Snyder was humble and polite as can be, Schubert said, but, “There was, like, this wall that was not going to be penetrated, you know what I mean?”
So he requested K-State’s help for a more succinct snapshot.
“Would it be possible that I could bring my photographer down here and my turntable and, just 10 minutes of his time, have him stand on the turntable and just take 360 photographs, one at every degree?” he remembers asking. “And they just laughed.”
“At that point, I realized, I’m in charge of the research here.”
Then it struck him.
“He is clearly this huge, larger-than-life, beloved figure,” Schubert said. “And so maybe the more important personality that I need to represent is the one that’s in the hearts and minds of K-State nation, right?
“Because, really, this is for them. This is for the fans who are able to have pride in their football team because of what this man did; it’s not necessarily for him.”
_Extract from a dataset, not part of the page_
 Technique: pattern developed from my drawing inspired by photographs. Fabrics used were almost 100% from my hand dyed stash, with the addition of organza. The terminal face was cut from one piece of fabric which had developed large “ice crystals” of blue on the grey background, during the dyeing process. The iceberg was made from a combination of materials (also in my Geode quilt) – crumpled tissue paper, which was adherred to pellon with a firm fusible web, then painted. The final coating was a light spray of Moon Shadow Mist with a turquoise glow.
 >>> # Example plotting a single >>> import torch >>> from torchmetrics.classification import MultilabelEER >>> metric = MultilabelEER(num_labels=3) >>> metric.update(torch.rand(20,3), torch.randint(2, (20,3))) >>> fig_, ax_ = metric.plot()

So he read all he could about Snyder, including an autobiography, “They Said It Couldn’t Be Done,” spoke with family members and those who have worked with him, and immersed himself in photos and sketches of him.
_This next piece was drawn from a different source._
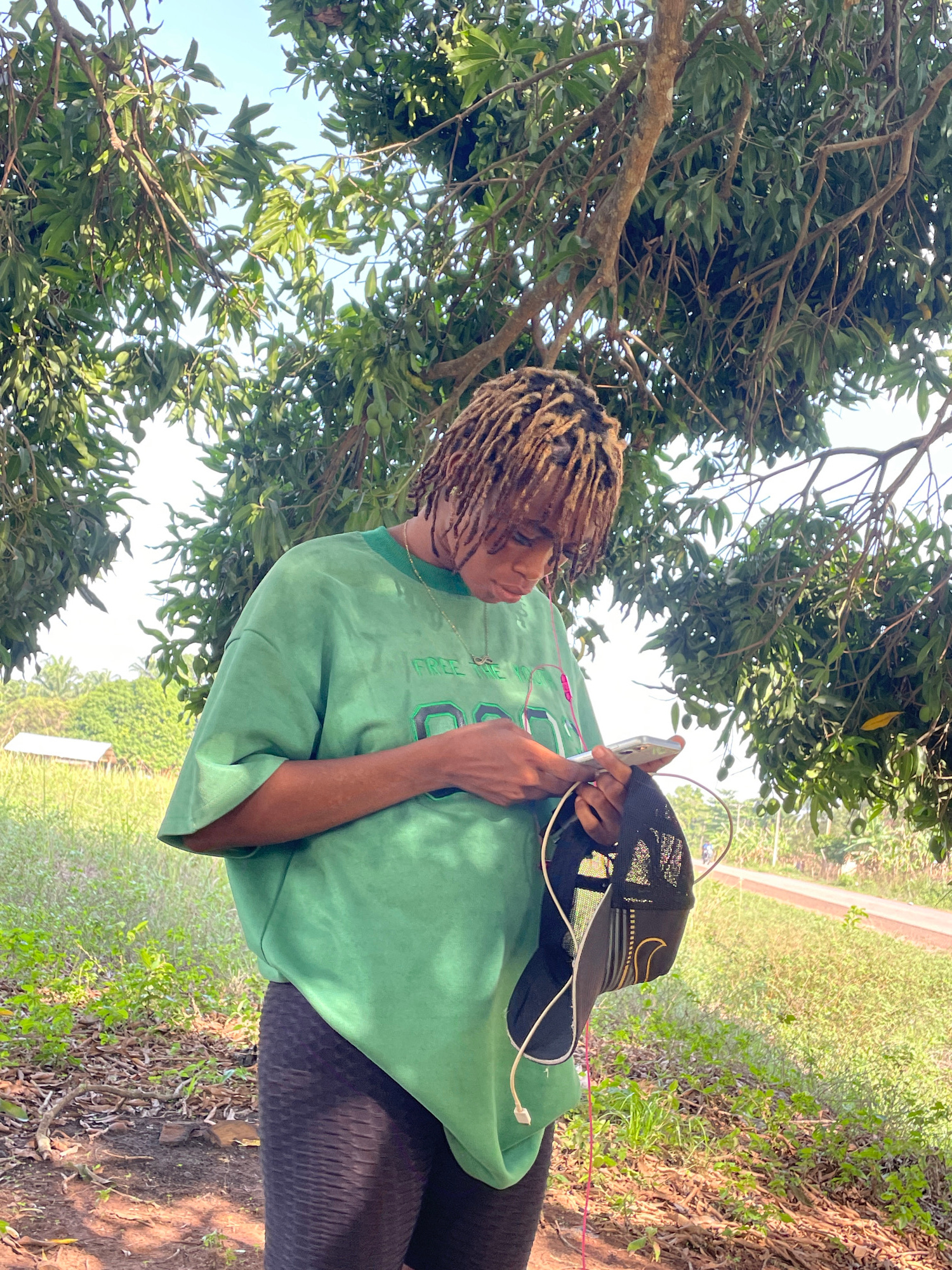 A person with light brown dreadlocks is standing outdoors in what appears to be a grassy area with trees. The person is wearing a loose-fitting, light green t-shirt, black leggings, and a gold chain a…read more

What informed Schubert’s work ultimately were the impressions that Snyder is sincerely kind and warm, devoted to his family but single-minded of purpose professionally, so much so that he has no concern about anything that’s not on-point or that he can’t control.
“My feeling is that only to the extent that it matters to his mission is he interested in it,” Schubert said. “I think that’s the beauty and also the difficulty of (portraying) him.”
Ultimately, Schubert was choosing between three versions of the same familiar Snyder pose with his left hand on his hip, his game notes in his right hand at his side and an air of cool amid the chaos.
(On the premise that it would look clunky and actually distract from the essence of the art, omitted from the scene after some deliberation was the headset Snyder typically wears.)
“He’s very clearly unconcerned with whatever he’s doing (physically); he’s clearly focused on something totally outside of himself, which is a unique thing,” Schubert said. “He doesn’t care that he’s wearing worn-out shoes and slacks that are too big. He’s just really totally focused on the game.”
Then Schubert set about studying details such as how far out one leg stands from the other, where Snyder’s weight leaned, whether an arm was out over the leg.
“Body geometry is a very important thing in monumental sculpture. I think a lot of people just assume, ‘Oh, a body is a body is a body, you’ve got all the pieces right there,’” he said. “But, really, if it was stiffer (or otherwise off), then all of a sudden it’s not Bill Snyder.
“And the whole equation for me is this fine line between making this piece of clay, and then piece of bronze, look like a person. Clearly enough that it’s, like, there’s no question about the craft but not so much that it’s disconcerting, right?”
Speaking of disconcerting, the deadline was so expedited that Schubert didn’t want to even speak about how fast he did the work.
But the contract, commissioned through consultant Paul Dorrell of the Leopold Gallery, was signed in January.
And from the first maquette, a French word for scale model, to the casting at Ad Astra Art Bronze Inc. in Lawrence, of all places, to the installation Wednesday, Schubert was consumed with the making of it.
“I’d find myself working, but also, like, standing in this pose and hunching my back and trying to (feel it),” he said. “It was very much like I’m trying to sculpt this guy from the inside out.”
As for from the outside in, Currie pronounced it “perfect.”
But maybe Whitney Snyder Hydeman said it best.
Twenty or 30 years from now when her father is gone, she’ll have a place to go where she can feel his presence.
“I’m going to climb up there,” she said, “and hug it.”